What is even more surprising is that the police officers who supervised the investigations in one capacity or the other, now claim that they had pointed out that evidence had been tampered with. The question arises that when the investigations were directly being handled by these senior officers, who could have tampered with the evidence and how? Are they not themselves then guilty of serious lapse? Why was this fact not brought to the notice of the court at any stage during the trial? Their culpability is equal to those who, at the lower level, may have done what they are being accused of having done now. It is for superior officers to look into these charges or the courts to look into this aspect. But their ‘helplessness’ in preventing the case from getting diluted can’t be condoned.

To put the record straight, when the murder took place on April 29, 1999, V.N. Singh was Police Commissioner, Amod Kanth Joint CP, Southern Range, Sudhir Yadav DCP, South, Vivek Gogia addl. DCP, South and Surendra Sharma, the SHO at Mehrauli. Ajai Raj Sharma, who subsequently took over as commissioner, and present commissioner K.K. Paul came to Delhi Police after the probe had started and had no role to play in the investigations. By the time they realised that investigations had got botched up, it was too late.

The copy of the judgment with minute details about the investigations and pointers on how the case fell through was made available officially by the court only on Friday evening. The judgment shows how shoddy work by the police killed the case. Going through the judgment, it can be concluded that by following only a single assumption, that Manu Sharma had killed Jessica Lall, the police gave a go by to other assumptions which may have helped in convicting the ‘real’ killers. Veteran detectives say that although one moves from crime to criminal, in this case, the move was made from criminal to crime — leading to the padding of evidence.

Normally, while investigating a case of murder, the police collects evidence and then nails the accused. In this case, the accused was first named and then an attempt was made to collect evidence against him. The police followed only one lead which failed to get results and proved counter-productive. If there is public outrage today, it is because the case’s closure, where Jessica was killed in full view, has not been done. No one has been punished and no one penalised. This speaks volumes of our criminal justice system, police and judiciary included.

But there are other dimensions that may also have played a role. Manu Sharma’s father is a Congress leader and is, at present, a minister in the Haryana government. But if newspaper reports are to be recalled, the first call which Bina Ramani, the hostess of the party, made after the killing was to then Home Minister L.K. Advani’s house. This is not to suggest that Advani had anything to do with influencing the outcome but to drive home the point that people at the party were very well-connected.

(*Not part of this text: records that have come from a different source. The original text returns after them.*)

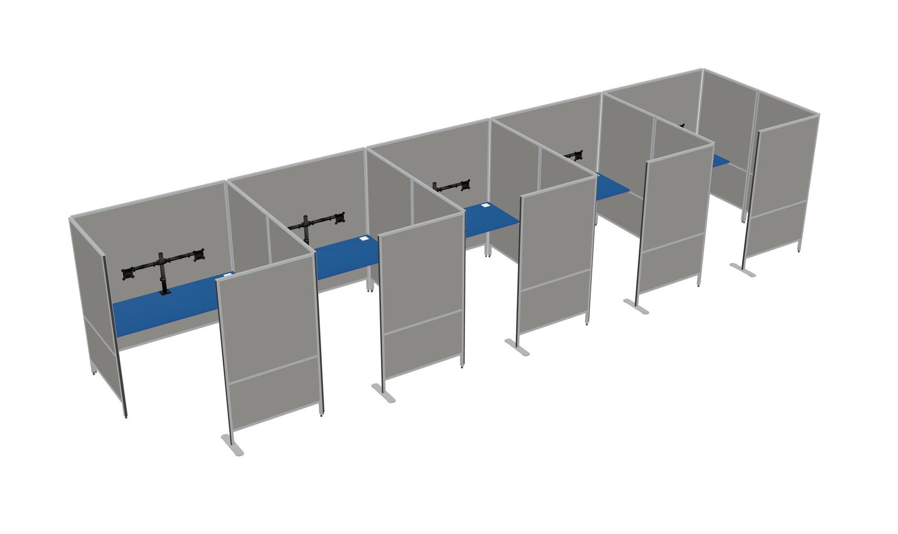 Prism Blue Flexible Panel System With Privacy For 5 + Monitor Arm (double Arms)
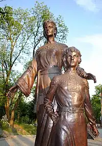 Malusha Malkovna[1][2] (Old East Slavic: Малушa) was allegedly a servant (kholopka) for Olga of Kiev and concubine of Sviatoslav I of Kiev. According to Slavonic chronicles, she was the mother of Vladimir the Great and sister of Dobrynya. The Norse sagas describe Vladimir's mother as a prophetess who lived to the age of 100 and was brought from her cave to the palace to predict the future. There are monuments of Malusha with her young son, Vladimir, in Korosten, Ukraine.
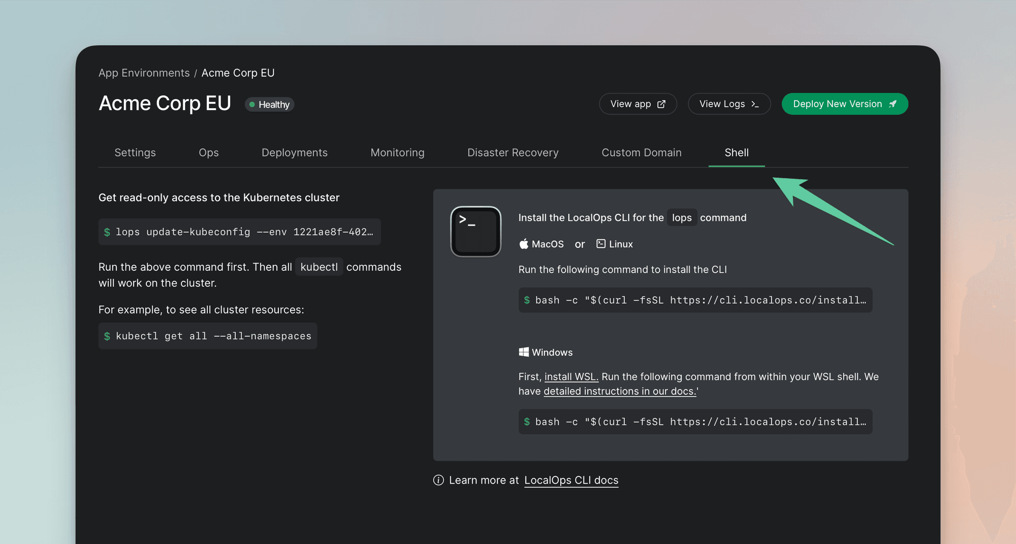 ops update-kubeconfig --env 1221ae8f-4024-4e45-ae3e-99f4cececd73The --env argument is specific to a given App Environment. Follow instructions in the new ✨Shell✨tab to get the correct environment ID.
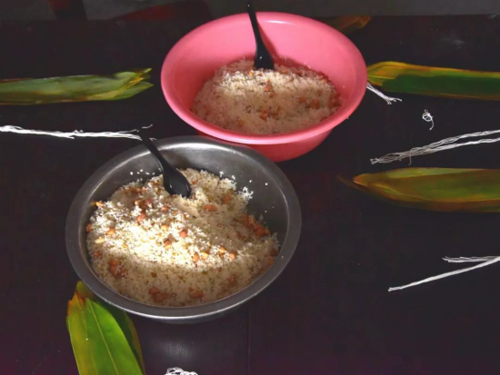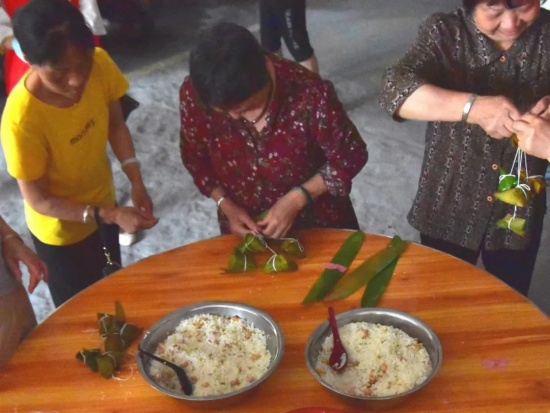 “小林员”们协助社区布置活动现场,并将准备好的糯米、粽叶等整齐地摆放在桌子上,以确保活动有序顺利开展。
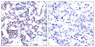 Immunohistochemical analysis of paraffin-embedded human breast carcinoma tissue using JunB(Phospho-Ser259) Antibody(left) or the same antibody preincubated with blocking peptide(right).
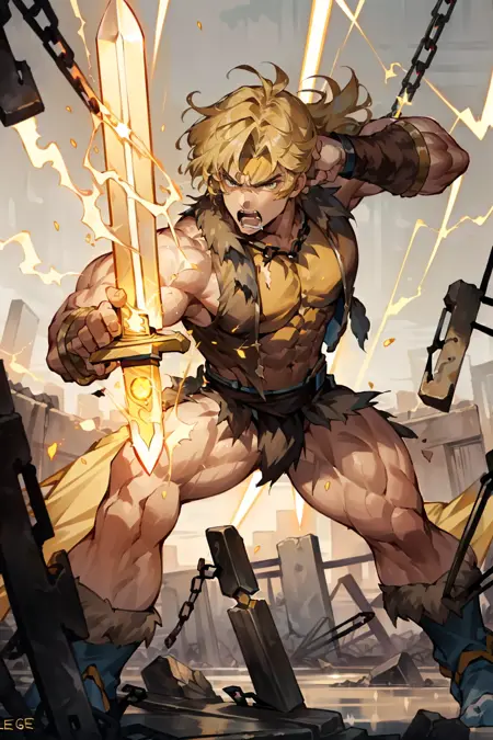 Activation word is "thundarr". The AI has no idea what a "sunsword" is, so you'll want to use "yellow lightsaber" or "energy sword". Also, you may have to put "beard" into your negatives because it keeps wanting to give Thundarr a goatee. You figure that one out. Good luck, have fun, and stay tuned for more 80's icons!
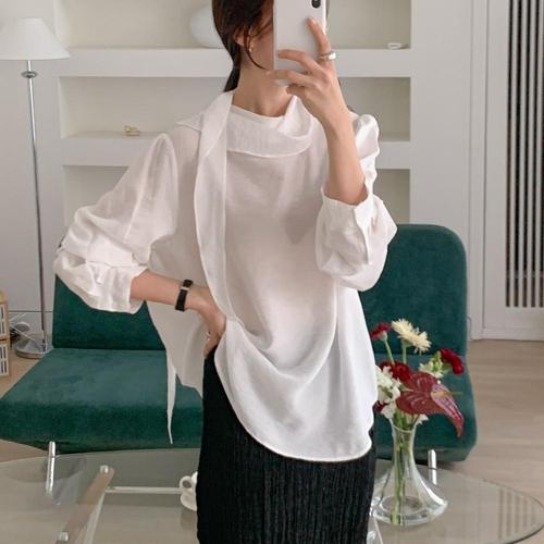 |KSH4250|여성 시스루 롱 블라우스 봄 하객 패션 빅사이즈 스카프
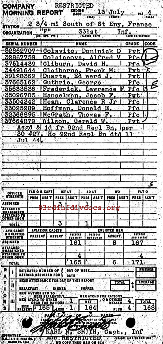 | 1944-07-13 | PVT | Assigned and joined from 92nd Replacement Battalion as of July 13, 1944 | F / 331 | view page | |

We also know that another accused Vikas Yadav’s father D.P. Yadav had contested the Lok Sabha elections against Mulayam Singh Yadav from Sambhal on a BJP symbol. Even Jessica’s mother (who was not present) had taught many well- known people including the Gandhi siblings. There is also evidence that a number of police officials were present at the party that evening but had left before the shooting took place. Hollywood actor Steven Seagal had also been to Tamarind Court that evening, as had some leading designers and Page 3 people. But none of them testified. 


************
*It may be in public interest to publish the guest list of those who attended the party in order to show how responsible our fellow citizens are. 
************




Therefore, singling out Shayan Munshi is not enough.

What about Malini Ramani who, according to the FIR, was present alongside Munshi who was at Jessica’s side when she was shot dead? In the trial court, under oath, she denied being present there at the time of the shooting. Why was the FIR allowed to be diluted later and false witnesses introduced? Why was no case registered against the hosts for destruction of evidence and criminal conspiracy?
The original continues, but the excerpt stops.